___ The data ___

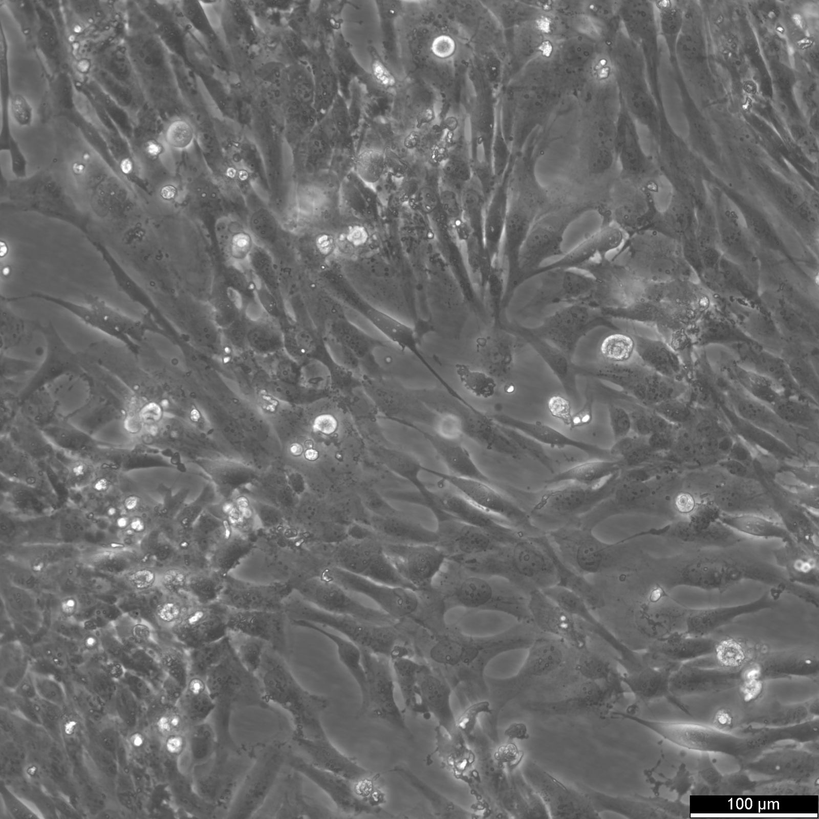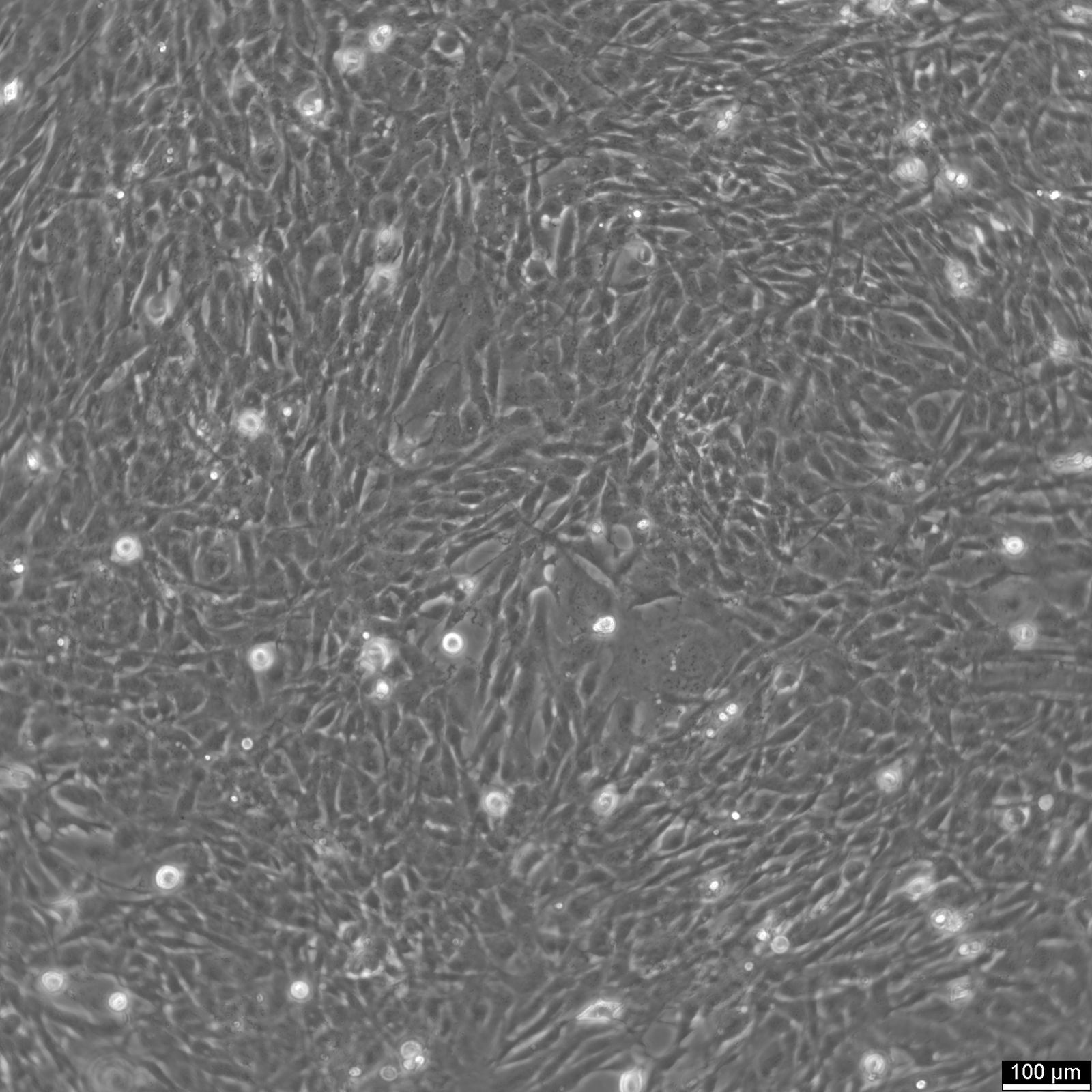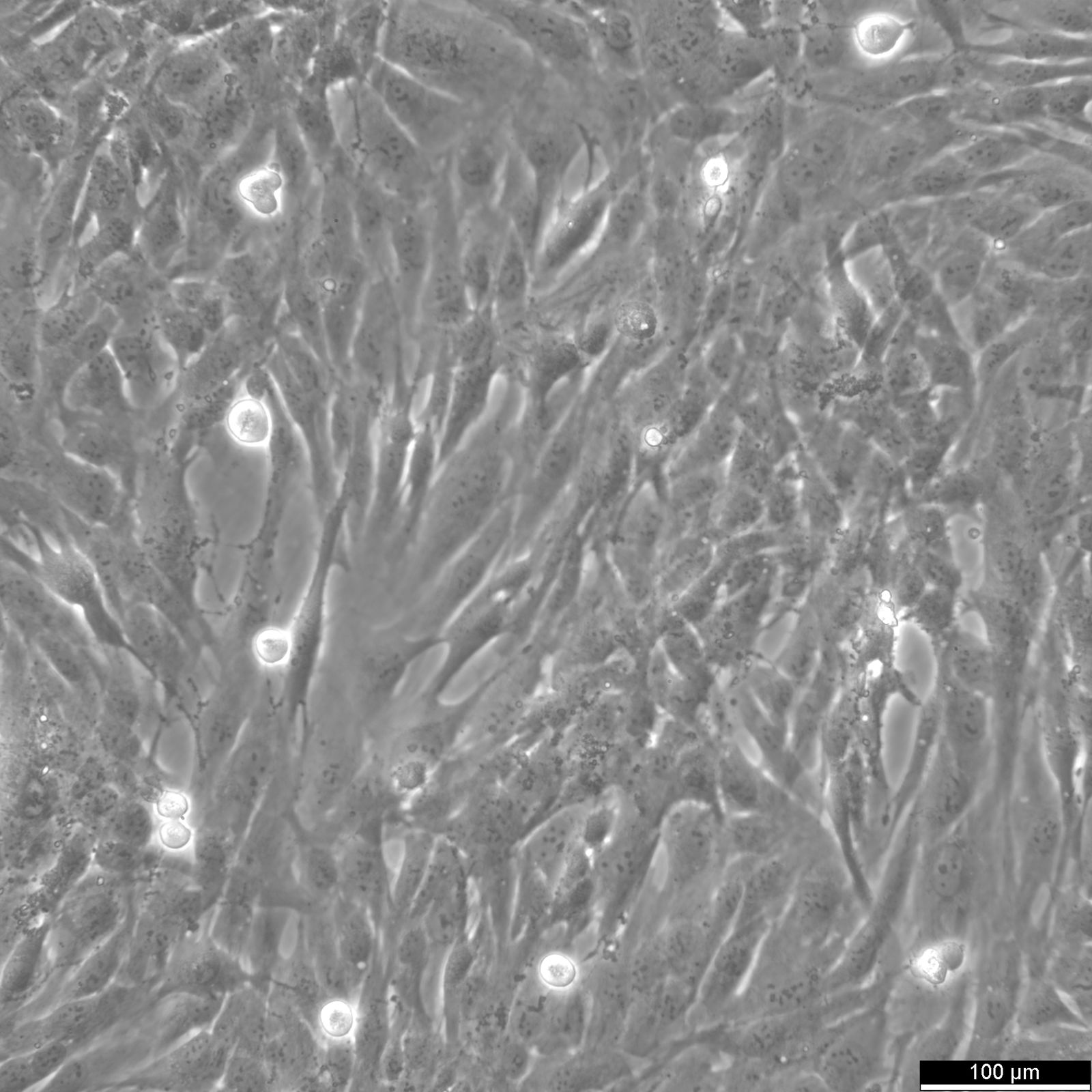 Categories: Hybrid cell lines Description: The AC16 cell line, derived from human ventricular cells fused with SV40-transformed, showcases characteristics typical of cardiomyocytes, including the expression of transcription factors such as GATA4, MYCD, NFATc4, and contractile proteins like alpha- and beta-myosin heavy chain. AC16 cells also express gap junction proteins connexin-43 and connexin-40, with functional gap junctions confirmed by dye-coupling studies, underscoring their utility in cardiomyocyte research. When the SV40 oncogene is silenced, AC16 transitions towards a more differentiated state, marked by the expression of BMP2, indicative of cardiac differentiation and developmental regulation. In general, scientists employ various techniques, including stem cell differentiation, animal models, molecular analysis, and biomarker discovery, to advance knowledge and potential therapies for heart-related conditions. The involvement of mitogen and senescence pathways, along with thymidine kinase induction, further elucidates the complex nature of human cardiomyocytes and their response to pathological conditions. The AC16 human cardiomyocyte cell line's ability to mimic the behavior of mature cardiomyocytes makes it a valuable model for cardiac research. It closely resembles the genetic makeup of primary cardiomyocytes, allowing for studies on cardiac development, pathology, and the implications of histone loss in vitro, however, the cardiomyocyte behavior and genetic complexity might not fully match that of primary or stem cell-derived cardiomyocytes. In the context of toxicology and cardiovascular disease research, AC16 cells serve as a vital tool for understanding cardiomyocyte development, inflammation, injury, regeneration, and toxicological effects. The unique properties of the AC16 human cardiomyocyte cell line, including its response to developmental cues and the ability to simulate the physiological conditions of human cardiomyocytes, make it an indispensable asset in the quest to unravel the mysteries of heart diseases and devise novel therapeutic interventions. Organism: Human Tissue: Heart, ventricle Synonyms: Human hybrid cardiomyocyte Ethnicity: Caucasian Morphology: Epithelial Cell Type: Cardiomyocyte Growth Properties: Adherent Citation: AC16 Cardiomyocyte Cell Line (Cytion catalog number 305215) Biosafety Level: 1 Ncbi_ Taxid: 9606.0 Cellosaurus Accession: CVCL_4U18 Viruses: Transformed by the SV40 large T-antigen Culture Medium: Culture medium:DMEM:Ham's F12 (1:1), w: 3.1 g/L Glucose, w: 2.5 mM L-Glutamine, w: 15 mM HEPES, w: 0.5 mM Sodium pyruvate, w: 1.2 g/L NaHCO3 (Cytion article number 820400a). Supplement the culture medium with 12.5% FBS and add 0.9 mM L-Glutamine to achieve a final concentration of 2.5 mM L-Glutamine. Differentiation medium: DMEM:Ham's F12 (1:1), w: 3.1 g/L Glucose, w: 2.5 mM L-Glutamine, w: 15 mM HEPES, w: 0.5 mM Sodium pyruvate, w: 1.2 g/L NaHCO3 (Cytion article number 820400a). To prepare the complete differentiation medium, add 1x ITS+ (Gibco, catalog number 41400045) and 2% Horse Serum (Gibco, catalog number 16050130). Dissociation Reagent: Accutase Subculturing: Remove the old medium from the adherent cells and wash them with PBS that lacks calcium and magnesium. For T25 flasks, use 3-5 ml of PBS, and for T75 flasks, use 5-10 ml. Then, cover the cells completely with Accutase, using 1-2 ml for T25 flasks and 2.5 ml for T75 flasks. Let the cells incubate at room temperature for 8-10 minutes to detach them. After incubation, gently mix the cells with 10 ml of medium to resuspend them, then centrifuge at 300xg for 3 minutes. Discard the supernatant, resuspend the cells in fresh medium, and transfer them into new flasks that already contain fresh medium. Freeze Medium: As a cryopreservation medium, use complete growth medium (including FBS) + 10% DMSO for adequate post-thaw viability, or CM-1 (Cytion catalog number 800100), which includes optimized osmoprotectants and metabolic stabilizers to enhance recovery and reduce cryo-induced stress. Thawing And Culturing Cells: Confirm that the vial remains deeply frozen upon delivery, as cells are shipped on dry ice to maintain optimal temperatures during transit. Upon receipt, either store the cryovial immediately at temperatures below -150°C to ensure the preservation of cellular integrity, or proceed to step 3 if immediate culturing is required. For immediate culturing, swiftly thaw the vial by immersing it in a 37°C water bath with clean water and an antimicrobial agent, agitating gently for 40-60 seconds until a small ice clump remains. Perform all subsequent steps under sterile conditions in a flow hood, disinfecting the cryovial with 70% ethanol before opening. Carefully open the disinfected vial and transfer the cell suspension into a 15 ml centrifuge tube containing 8 ml of room-temperature culture medium, mixing gently. Centrifuge the mixture at 300 x g for 3 minutes to separate the cells and carefully discard the supernatant containing residual freezing medium. Gently resuspend the cell pellet in 10 ml of fresh culture medium. For adherent cells, divide the suspension between two T25 culture flasks, for suspension cultures, transfer all the medium into one T25 flask to promote effective cell interaction and growth. Adhere to established subculture protocols for continued growth and maintenance of the cell line, ensuring reliable experimental outcomes. Sterility: Mycoplasma contamination is excluded using both PCR-based assays and luminescence-based mycoplasma detection methods. To ensure there is no bacterial, fungal, or yeast contamination, cell cultures are subjected to daily visual inspections. Safety Precautions: When planning to store a cryovial in liquid nitrogen for future thawing, it is mandatory to adhere to stringent safety measures. Appropriate protective gloves and clothing are essential, and the use of a face mask or safety goggles is required during the transfer of frozen
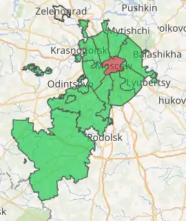 Central Administrative Okrug, or Tsentralny Administrativny Okrug (Russian: Центра́льный администрати́вный о́круг, Tsentralny administrativny okrug), is one of the twelve administrative okrugs of Moscow, Russia. Population: 741,967 (2010 Census);[1] 701,353 (2002 Census).[2] It is the core of the city that includes its oldest, historical parts: Kremlin and the former Bely Gorod and Zemlyanoy Gorod; with certain churches and fortifications as old as from XIV-XV centuries. It is also the site of Russia's highest government institutions, such as the Government house, the State Duma, the Federation Council, and most ministries. A large part of the territory is occupied by office buildings, especially in the “Moscow-City” business district on the west side of the Okrug.
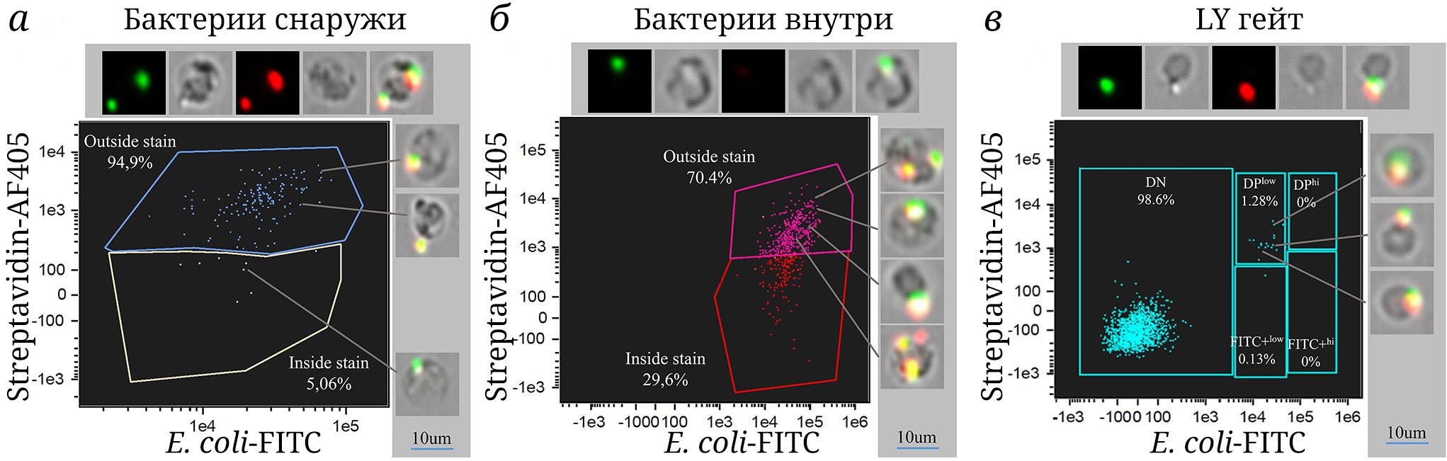 Рис. 5. Локализация бактерий относительно клеток по результатам анализа встроенной программы Amnis и двойного окрашивания. а – Бактерии, которые детектировались программой как находящиеся снаружи клеток. 94,9% этих клеток действительно были позитивны и по FITC, и по AF405, то есть бактерии адгезированы на поверхности фагоцитов. б – Бактерии, которые детектировались программой как находящиеся внутри клеток. Однако 70,4% из этих клеток были позитивны и по FITC, и по AF405, что, согласно двойному окрашиванию, указывает на локализацию бактерий на поверхности клеток. в – Лимфоцитарный (LY) гейт. Хотя программа детектирует некоторые клетки в популяции лимфоцитов как фагоцитирующие, все 1,28% клеток, согласно двойному окрашиванию, находились на поверхности. Верхние панели иллюстрируют (слева направо) каналы: FITC (E. coli), Brightfield 1, AF405 (biotin-streptavidin, E. coli), Brightfield 2 и наложение всех каналов. Правые панели визуализируют клетки, показанные в виде точек на графиках проточной цитометрии. Синей линией дана масштабная линейка для изображений клеток. Образцы поклеточного анализа изображений показаны на рис. П3 Приложения
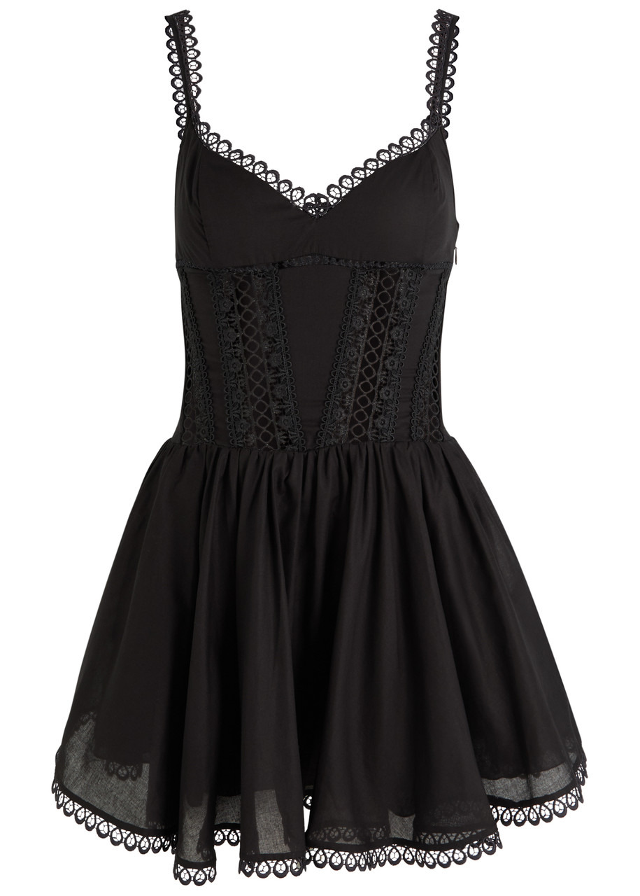 Info & Care Charo Ruiz Ibiza cotton-blend dress Floral and eyelet guipure lace inserts and trims, sweetheart-neck, boning at bust, pleated, smocked panel at back, scalloped trims, partially lined Slips on 90% cotton, 10% polyester Hand wash; Size & Fit Length shoulder to hem: 31 inches/ 79cm Midweight Close fit, flared skirt Model is 5'10"/ 178cm and wears a size small;
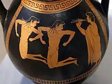 The Bibasis, a dance of men and women, was of the gymnastic kind.[3] The dance consisted in springing rapidly from the ground, and striking the feet behind; a feat of which the Spartan woman Lampito, in the Lysistrata of Aristophanes,[4] prides herself.[2] She derives her strength and her beauty essentially from this exercise.[5]
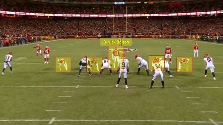 You could see it on Jones’ first sack. This was a 3rd-and-long. Spagnuolo spread out the defensive line with a 4-man front where both interior d-linemen were aligned outside of the guards. Then he had linebacker Nick Bolton walk down over the center:
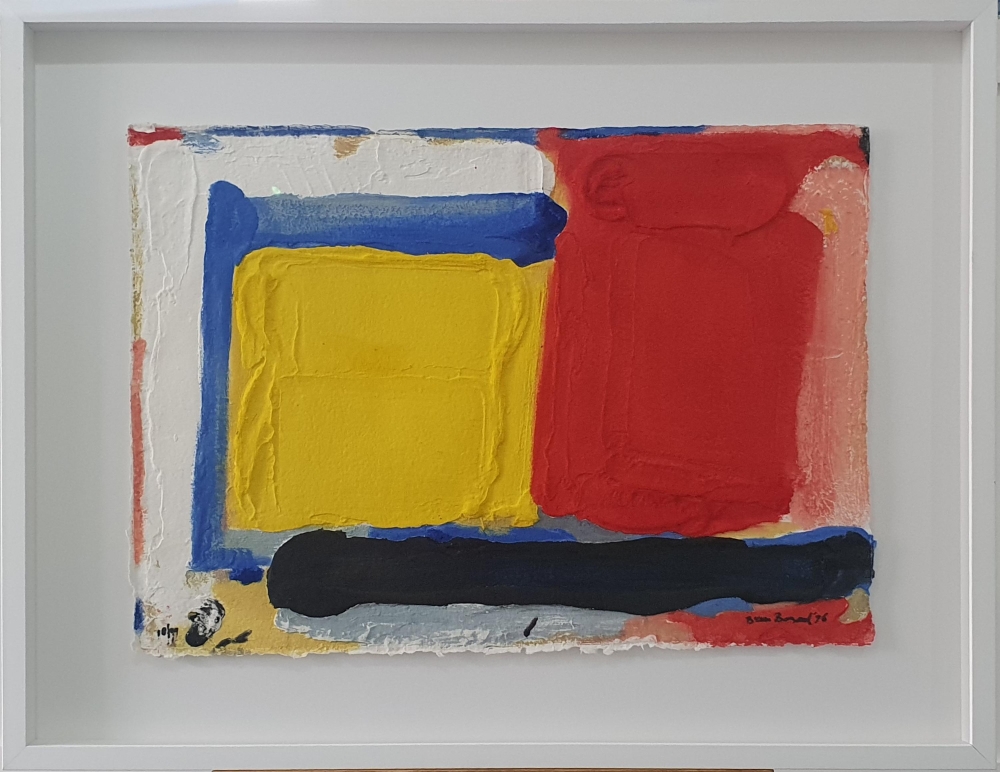 Very beautiful and colorful aquagravure by Bram Bogart. Edition from 1999 and limited to only 99 copies of which this is number 18. The piece measures +/- 55 x 75 cm. The work is beautifully floating framed with 70% UV-resistant glass and a beautiful heavy white frame.
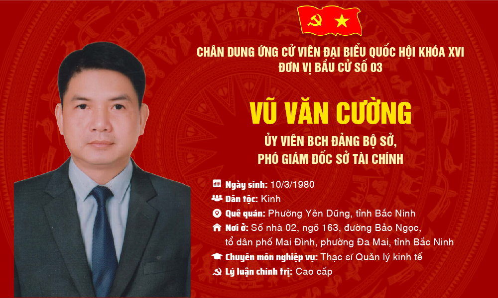 Ứng cử viên Vũ Văn Cường nhấn mạnh việc hoàn thiện cơ chế, chính sách liên quan đến quy hoạch, quản lý đất đai và phát triển đô thị theo hướng lấy người dân làm trung tâm, bảo đảm hài hòa lợi ích giữa Nhà nước, doanh nghiệp và người dân. Tăng cường công khai, minh bạch thông tin quy hoạch, đẩy mạnh chuyển đổi số trong quản lý đất đai để người dân dễ dàng tiếp cận thông tin. Quan tâm đào tạo nghề, tạo việc làm cho người dân sau thu hồi đất; chú trọng công tác quản lý đô thị, cải tạo hạ tầng giao thông và hệ thống thoát nước nhằm nâng cao chất lượng cuộc sống của người dân.

___

▶ **To do**
Beginning with the line containing "The Bibasis, a" and ending with the last line of the data above, repeat each line exactly. Include no pictures and no other lines.

▶ **Expected answer**
 The Bibasis, a dance of men and women, was of the gymnastic kind.[3] The dance consisted in springing rapidly from the ground, and striking the feet behind; a feat of which the Spartan woman Lampito, in the Lysistrata of Aristophanes,[4] prides herself.[2] She derives her strength and her beauty essentially from this exercise.[5]
 You could see it on Jones’ first sack. This was a 3rd-and-long. Spagnuolo spread out the defensive line with a 4-man front where both interior d-linemen were aligned outside of the guards. Then he had linebacker Nick Bolton walk down over the center:
 Very beautiful and colorful aquagravure by Bram Bogart. Edition from 1999 and limited to only 99 copies of which this is number 18. The piece measures +/- 55 x 75 cm. The work is beautifully floating framed with 70% UV-resistant glass and a beautiful heavy white frame.
 Ứng cử viên Vũ Văn Cường nhấn mạnh việc hoàn thiện cơ chế, chính sách liên quan đến quy hoạch, quản lý đất đai và phát triển đô thị theo hướng lấy người dân làm trung tâm, bảo đảm hài hòa lợi ích giữa Nhà nước, doanh nghiệp và người dân. Tăng cường công khai, minh bạch thông tin quy hoạch, đẩy mạnh chuyển đổi số trong quản lý đất đai để người dân dễ dàng tiếp cận thông tin. Quan tâm đào tạo nghề, tạo việc làm cho người dân sau thu hồi đất; chú trọng công tác quản lý đô thị, cải tạo hạ tầng giao thông và hệ thống thoát nước nhằm nâng cao chất lượng cuộc sống của người dân.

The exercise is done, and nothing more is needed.